Remembering a mockingbird

February 22nd, 2016

Harper Lee never enjoyed being in the spotlight. It’s not because she shied away from telling a powerful story, but because it’s hard to be the focus of the spotlight while focusing the light itself. “To Kill a Mockingbird,” is more than the greatest American Novel; it is an unassuming vessel in which the Gospel walks around in our own skin. It’s one thing to hear the parable of the good Samaritan from the pulpit or bible study, and know that we should be a neighbor to all, but inviting my Deep South neighbor into a familiar Maycomb courtroom so that our holy imaginations can expand beyond our cultural assumptions, changes the very images we see when we close our eyes and think of the “other.”

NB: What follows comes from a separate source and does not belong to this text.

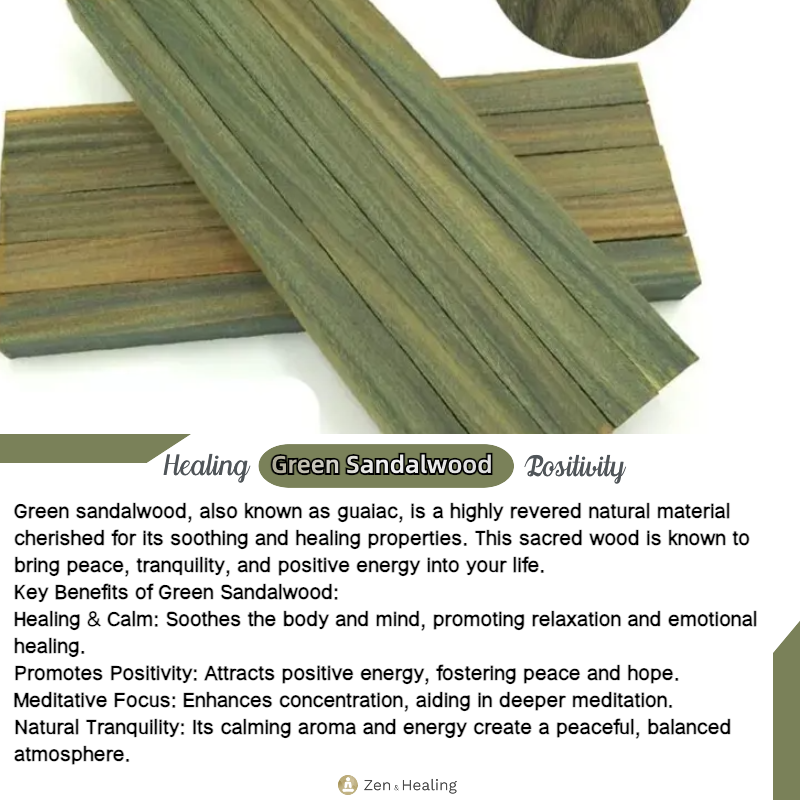 • Aroma: Green sandalwood releases a calming natural fragrance over time

Lee taught us how to tell our own story through Scout’s adventures, to meet violence with a lamp, rocking chair, and a newspaper, to question our assumptions that we just know are true, and to never fear reaching out to the graceful and mysterious Boo Radleys of the world. A book is a funny thing. The words on the page are bound together with spine and covers, but the idea within it is as timeless and unbound as Lee herself is as she now rests in the heart of God. Lee suggested that a mockingbird simply sings a song for all to enjoy, but the song she sang continues to disrupt our neat Maycomb lines in which we want everything to fit and know its place. Harper Lee will be missed, but her story will continue to focus an incarnational light shining toward justice.


Matt Rawle is the author of The Faith of a Mockingbird, which uses Lee's characters to explore Christian faith, theology, and ethics.